Он трудно пьянел, сперва теряя связность мыслей, потом связность речи, и уж в последнюю очередь — твёрдость руки. Мартин уже давно знал об этих особенностях хозяина, потому что его милость далеко не в первый раз напивался в егерской сторожке. Ему нравилось задержаться там после охоты, пока свита свежевала добычу и солила в дубовых бочках самые крупные куски мяса.

Мартин долил в кубок прозрачной, едко пахнущей граппы. Однако барон не сразу схватился за него.
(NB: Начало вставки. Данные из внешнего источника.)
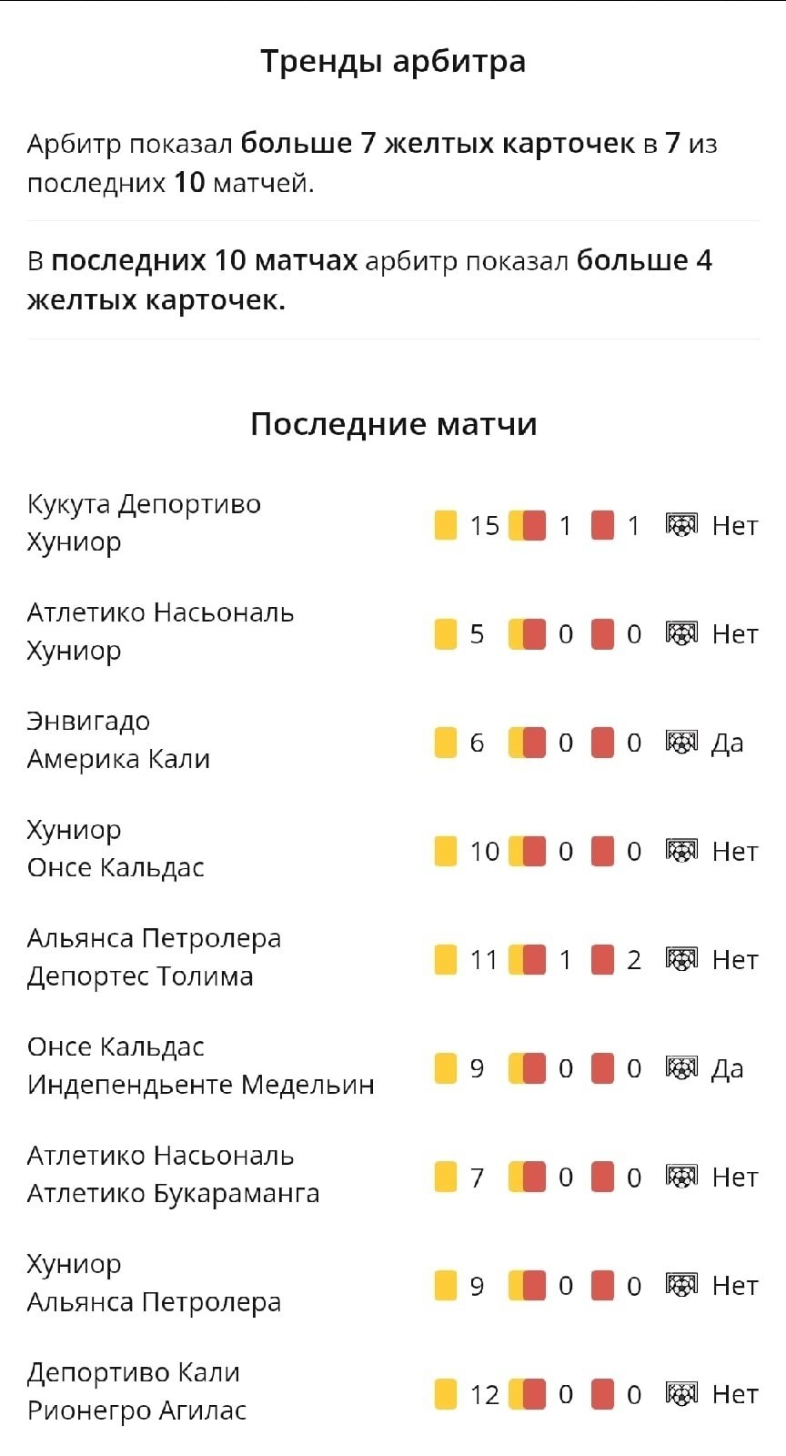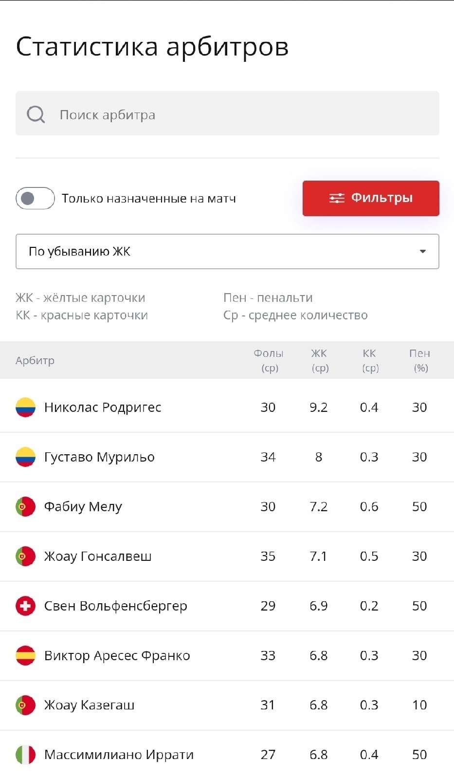 Ресурс собирает статистику по жёлтым и красным карточкам, фолам и пенальти. Есть возможность найти самого строгого (или мягкого) рефа и следить конкретно за его назначениями либо, наоборот, анализировать стату уже назначенного судьи.

— Смотри, леший, красиво? — Он небрежно швырнул на грубые доски стола золотое ожерелье тончайшей работы. Сапфиры играли в отсветах пламени, пылавшего в очаге, и Мартин сразу вспомнил смеющиеся глаза госпожи баронессы.

— Прекрасно, — искренне сказал он. — Это для вашей жены, господин?
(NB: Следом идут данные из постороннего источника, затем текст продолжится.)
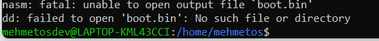 Merhaba, Shell script nasm: Fatal: Unable to open output file 'boot. Bin' hatası alıyorum hatanın çözümü nedir ekran görüntüsü ve hata veren Shell script kodunu buraya bırakacağım.
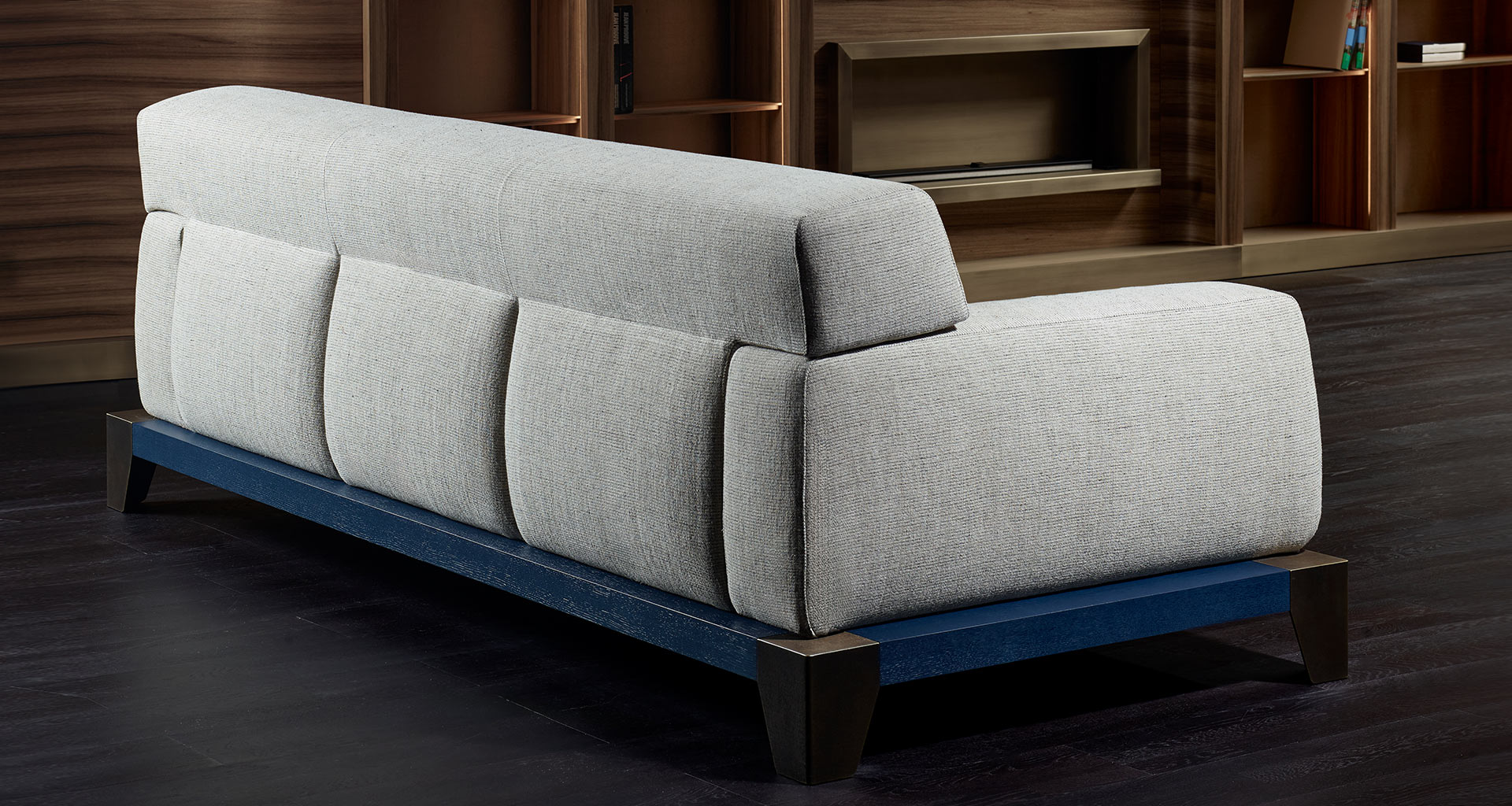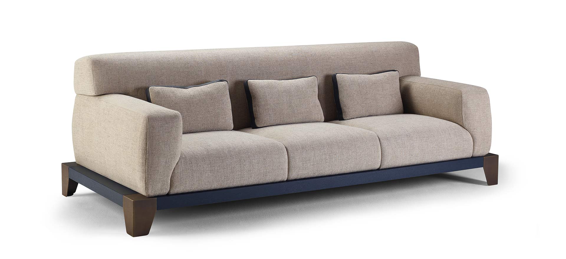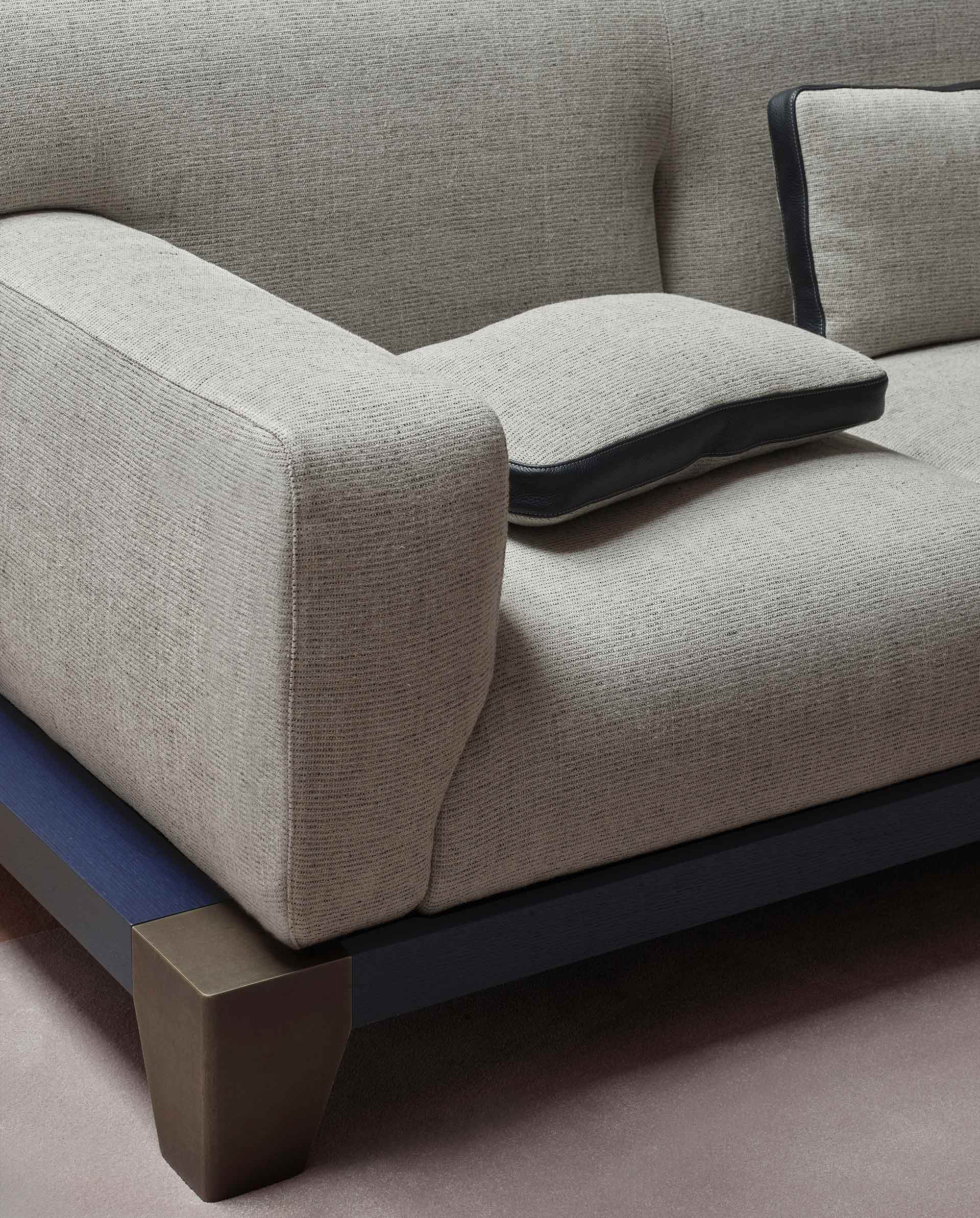 The seat, upholstered in fine fabric, is enhanced by a striking base where wooden elements blend with tactile bronze details, creating a sculptural effect. Laren is part of a family of pieces that also includes a coffee table and a daybed.

Барон оглушительно расхохотался, спугнув с карниза летучую мышь.

— Угадал, леший! Только не для этой, для другой.

— А…

— Молчи, иначе велю тебя выпороть. У нас скоро будет новая баронесса, младшая дочь графа де Галье. А эта холопка помрёт. От холеры какой-нибудь. Или шею на лестнице сломает.

Волосы зашевелились у Мартина на голове. Он, конечно, знал, что баронесса бесплодна, но обычно знатные дамы, не сумевшие родить потомства своим супругам, всего лишь отправлялись в монастырь…
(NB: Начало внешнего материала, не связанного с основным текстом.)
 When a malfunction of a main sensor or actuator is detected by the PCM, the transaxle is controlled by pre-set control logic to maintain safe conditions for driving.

— Монастырь не годится. — Барон словно прочитал его мысли. — Её папаша, сутяга и торгаш, затеет расследование, и любой лекарь скажет, что эта дурища совершенно здорова. Оно мне надо, а?

— Но…

Корявая пятерня его милости схватила Мартина за воротник и потянула вперёд, к красному пьяному рылу, почти вплотную.

— Молчи, леший. Не бывать холопской крови в жилах де Бельвейзигов. Это нетрудно устроить, если не боишься поповских начетчиков. Я не боюсь. И если узнаю, что ты кому-то проболтался — сгною в башне.

Барон втянул в себя крепчайшую граппу одним могучим глотком, и взгляд его стал таким же оловянным, как и его кубок.

— Можт и так сгн… сгною…

Оставалось надеяться, что он уже достаточно пьян и завтра он не вспомнит о своём последнем намерении, но голова Мартина была занята совсем другими мыслями.

Наутро всё было, как обычно. Казалось, барон напрочь забыл о том, что наговорил молодому егерю по пьяному делу. А вот Мартин не забыл. И боялся только одного: не успеть. Он очень торопился, но всё равно прошло три дня, прежде чем удалось собрать все необходимые в дальней дороге вещи и найти возможность поговорить с её милостью.

Баронесса поверила. Всему и сразу. Наверное, у неё были какие-то свои опасения, а рассказ Мартина только завершил дело. Она сказала, что вернётся к отцу. Купец первой гильдии Дювон, богатейший человек графства Оле, сумеет защитить свою дочь.

Она собиралась бежать одна.

Мартин не позволил.

Той же ночью они сожгли все мосты.


* * *


Что-то шевельнулось на границе круга света от костра. Марта вздрогнула и прижалась к спутнику. Тот успокаивающе тронул ее руку и привстал. Голубоватый отблеск огня скользнул по легкому арбалету.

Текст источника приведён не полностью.